Cagliari: fotogrammi dalla finale del “Premio letterario Francesco Alziator”
di Marcella Onnis
Si è tenuta ieri, 29 ottobre 2012, al Teatro lirico di Cagliari la finale della VI edizione del Premio letterario Francesco Alziator.
Se volessi fare la cronaca della serata, dovrei dirvi innanzitutto chi l’ha condotta (Rosanna Cancellieri, briosamente professionale nei modi e sobriamente elegante nell’abbigliamento) e chi erano gli ospiti: Mario Sechi, direttore de Il tempo, che ha presentato il suo saggio Tutte le volte che ce l’abbiamo fatta; Saber Mounia, redattore di Almaghrebiya, unico quotidiano cartaceo italiano scritto interamente in lingua araba; Nicola Gratteri, procuratore aggiunto di Reggio Calabria, che ha presentato Dire e non dire. I dieci comandamenti della ‘ndrangheta nelle parole degli affiliati, scritto a quattro mani con Antonio Nicaso.
Dovrei dirvi poi chi erano gli altri ospiti che, con la loro arte, hanno intrattenuto il pubblico: le attrici Daniela Deidda e Valeria Ciangottini, la GB Orchestra diretta dal maestro Giorgio Baggiani, il duo composto dai chitarristi Luigi Puddu e Simone Onnis.
Né potrei certo omettere di citare i vincitori: per la sezione narrativa, Matteo Nucci con Il toro non sbaglia mai (ed. Ponte alle Grazie); per la sezione speciale, riservata ad autori non italiani originari dei paesi del Mediterraneo, Soti Triantafillou con Scatole cinesi. Quattro stagioni per il detective Malone (ed. Voland).
E, a voler essere esaurienti, dovrei anche dare conto delle menzioni speciali: Milena Agus (non presente alla premiazione) per Sottosopra, ed. Nottetempo; Emanuele Cioglia per Asia non esiste, ed. Arkadia; Giampietro Ibba per E poi? … Chiara lo sa, ed. San Paolo; Anthony Muroni per Francesco Cossiga dalla A alla Z, Ethos edizioni; Guido Pegna per La strada per Nebida, ed. Effequ.

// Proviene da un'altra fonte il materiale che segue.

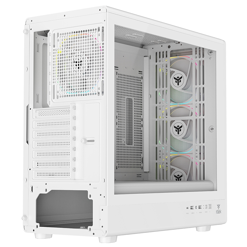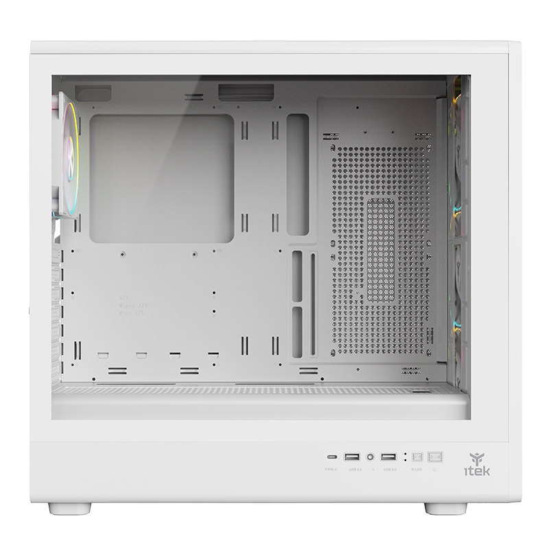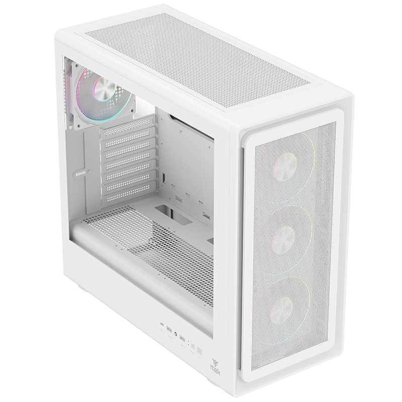 Nell’itek MESHCORE 36 le parole dordine sono: air flow, praticità ed estetica moderna. La paratia frontale è completamente traforata per permettere un ottimo flusso di aria, grazie anche alle 4 ventole ARGB in dotazione, 3 sul frontale e una sul retro, tutte collegate al comodo HUB con telecomando in dotazione. La struttura permette un assemblaggio facile e veloce, con il vano separato per lalimentatore e i dischi HDD/SSD rendendo il tutto esteticamente molto bello e ordinato permettendo linstallazione di schede video di ultima generazione di lunghezza fino a 420mm, dissipatori alti 174mm, liquid cooling fino a 360mm, diverse ventole aggiuntive e il cable management è di 21mm. Sono presenti 2 porte USB 3.0 e una TypeC nella parte laterale del case! Disponibile nella versione Total Black o Full White!
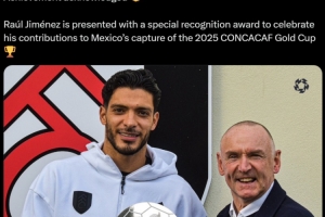 PFA官方表示:“勞爾-希門尼斯獲得了一項特別表彰獎,以紀念他為墨西哥隊贏得2025年中北美及加勒比地區(qū)金杯賽冠軍所做出的貢獻?!?/p>
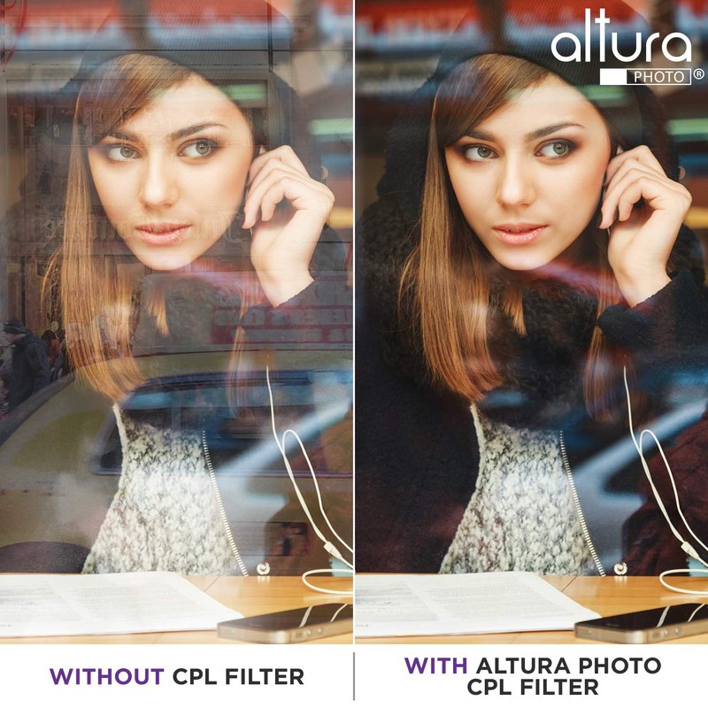 - Circular Polarizing filters remove unwanted reflections from non-metallic surfaces such as glass or water. Take richer scenic shots and notice improved clarity in distant objects by cutting through haze and increasing color saturation. Simply rotate the front ring to adjust the desired effect.
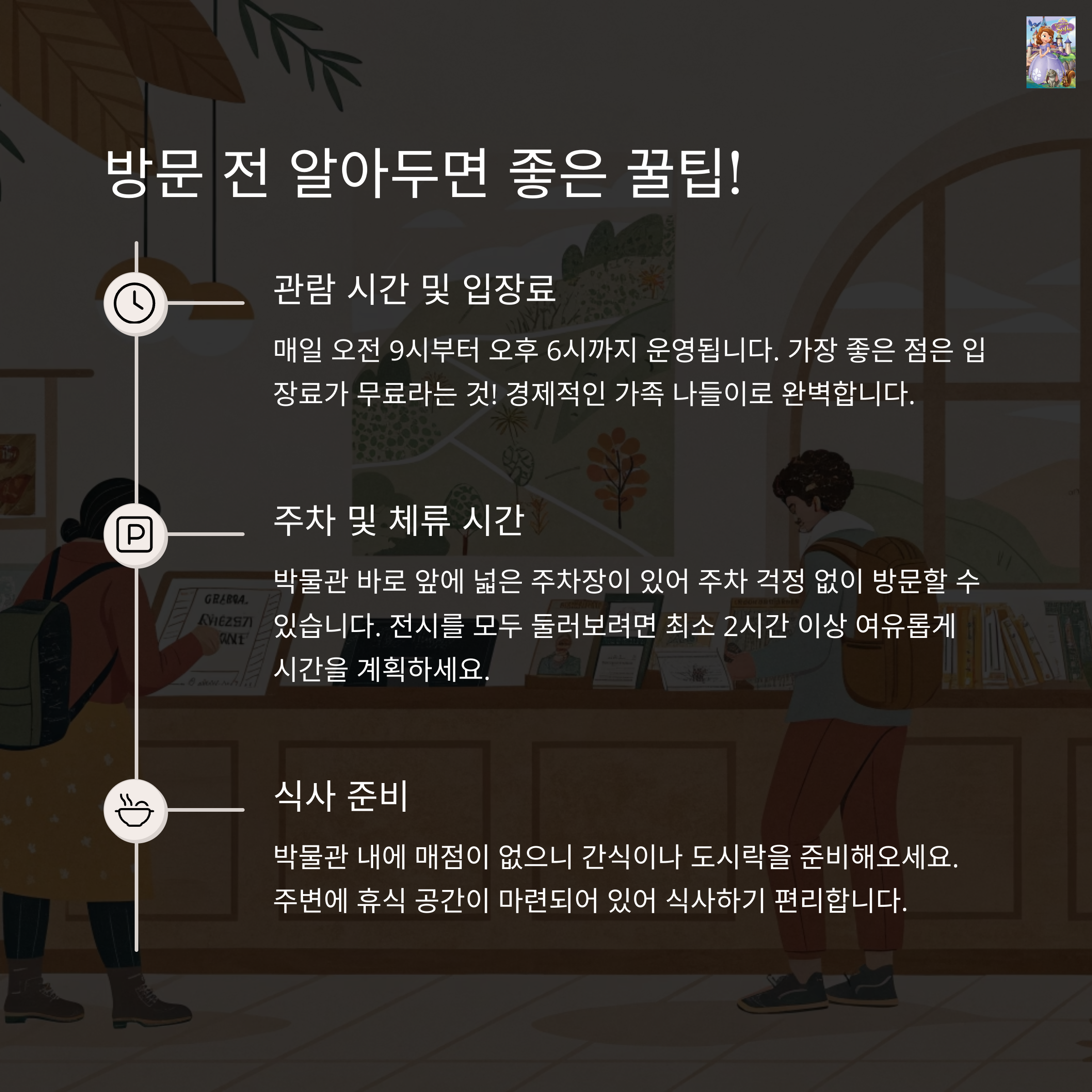 방문 전, 운영 시간과 특별 전시 계획을 사전 확인하는 것이 좋습니다.
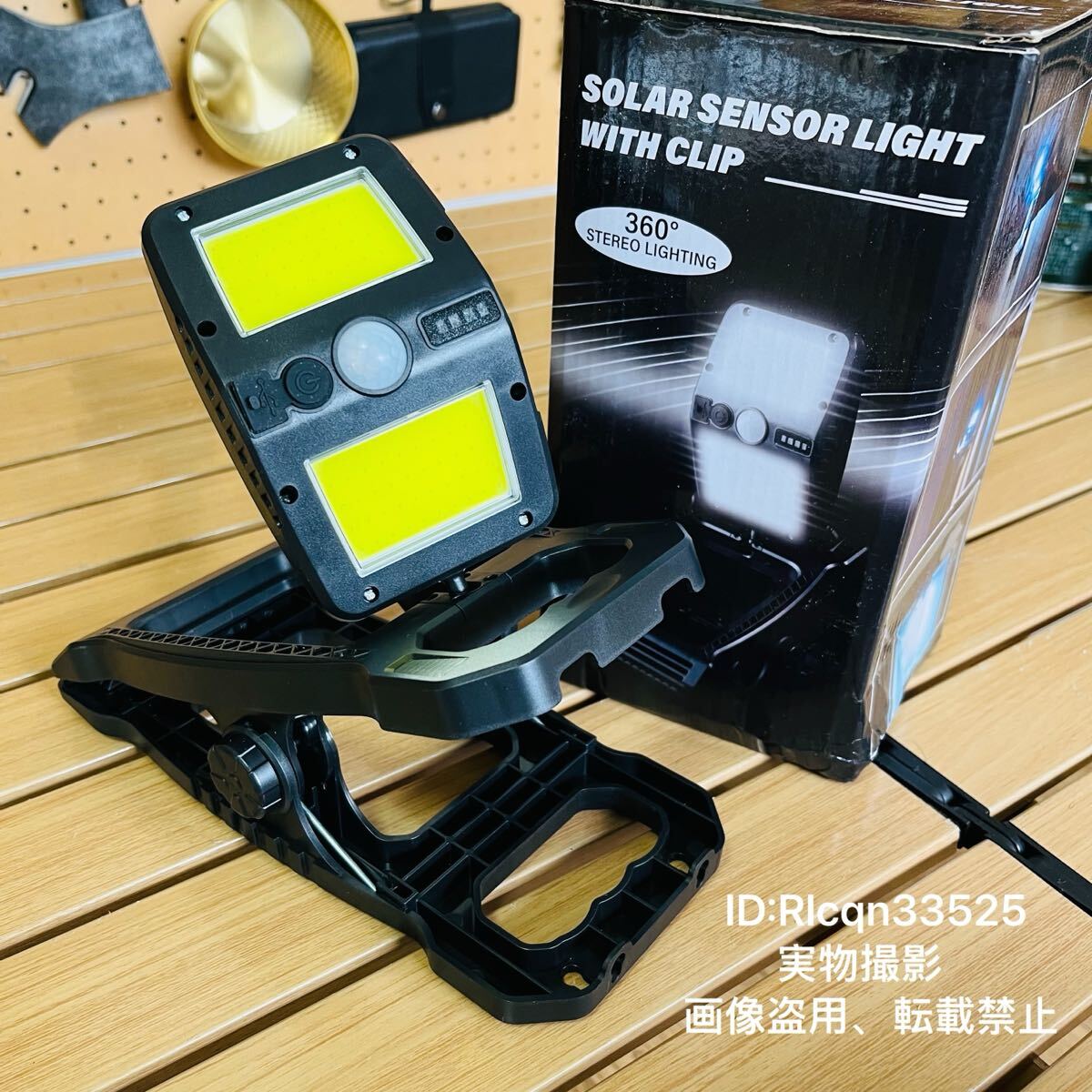 - 大型 ソーラーとUSB充電式 LEDクリップライト 360度回転 屋外 センサー搭載 防水仕様 照明 アウトドア キャップ 庭 駐車場
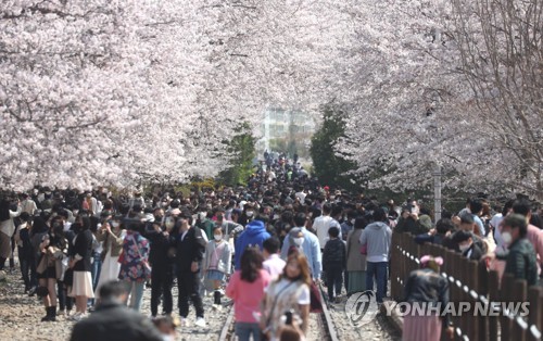 대구에서 온 30대 부부는 "코로나19가 시작된 이후 처음 왔는데, 벚나무도 크고 사람도 많아 보기가 좋다"며 웃었다.
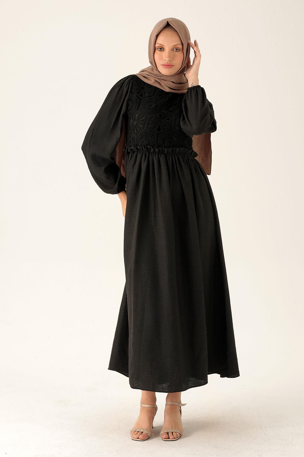 Siyah Dantelli Kemer Detay Elbise 35518 - RAYS Siyah Dantelli Kemer Detay Elbise 35518 - RAYS (1)
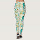 Leggings Joli Art folklorique Fleurs blanches et turquoise
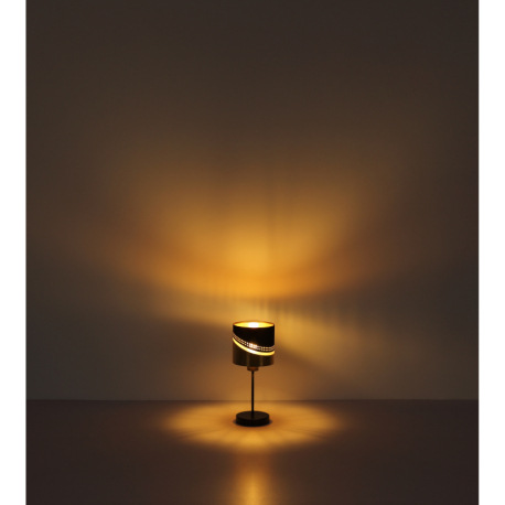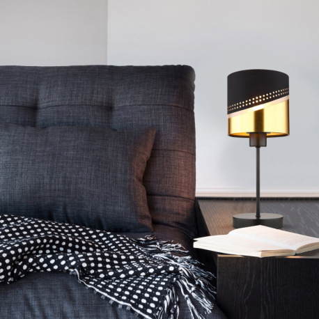 Stolové svietidlo, kov čierny, textil čierny, plast zlatej farby, kábel PVC čierny, kolískový vypína
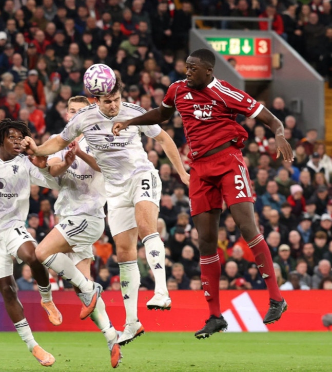 해리 매과이어(왼쪽)가 20일(한국시간) 영국 리버풀의 안필드에서 열린 '2025~2026시즌 잉글리시 프리미어리그(EPL)' 8라운드에서 헤더를 시도하고 있다. /사진=맨유 공식 SNS 갈무리
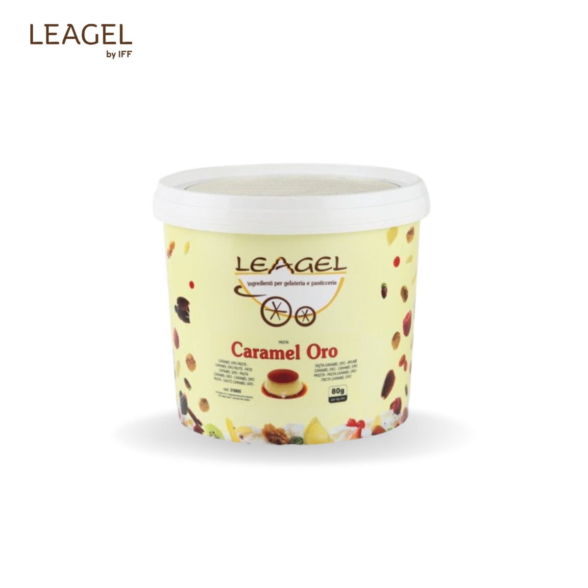Pastă Caramel Oro Pastă fină pentru un gelato cu aromă intensă de caramel, realizată din ingrediente de calitate superioară. Potrivită pentru gelaterie și cofetărie. Dozaj: 80 g / 1 kg bază Cod: 310805 Proces: la rece Ambalare: 3,5 kg
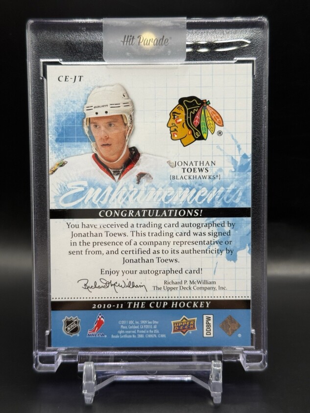You are purchasing a 2011 Upper Deck The Cup Enshrinements Autograph Jonathan Toews #CE-JT Autograph. You will receive the exact item in the photographs. Thank you for looking.

Oltre che con una cronaca oggettiva, però, un evento può essere raccontato in modo soggettivo, per impressioni. Ed è proprio attraverso impressioni, immortalate in “fotogrammi”, che io ho scelto di descrivervi la serata.
Nel primo fotogramma ci sono i musicisti, perché in un simile auditorium la musica non può certo mancare: la GB Orchestra con i suoi stacchetti e il brano finale, ma soprattutto i maestri Puddu e Onnis che ammaliano i presenti con la loro milonga.
Il secondo fotogramma immortala il fragoroso applauso del pubblico nell’udire dall’assessore comunale alla cultura Enrica Puggioni che il sindaco Zedda non è presente in quanto impegnato in Consiglio comunale per la riduzione delle aliquote Imu.
Protagonista del terzo fotogramma è Saber Mounia che parla di ciò che resta di quella che noi chiamiamo “primavera araba”, ma che lui preferisce chiamare “primavera islamica” o “religiosa”. Parla per descrivere una situazione molto scoraggiante: le donne sono le prime ad essere state escluse da questa fase post-regime; l’arte da due anni si è fermata, perché i governi religiosi che hanno preso il potere non vedono di buon occhio il fermento culturale.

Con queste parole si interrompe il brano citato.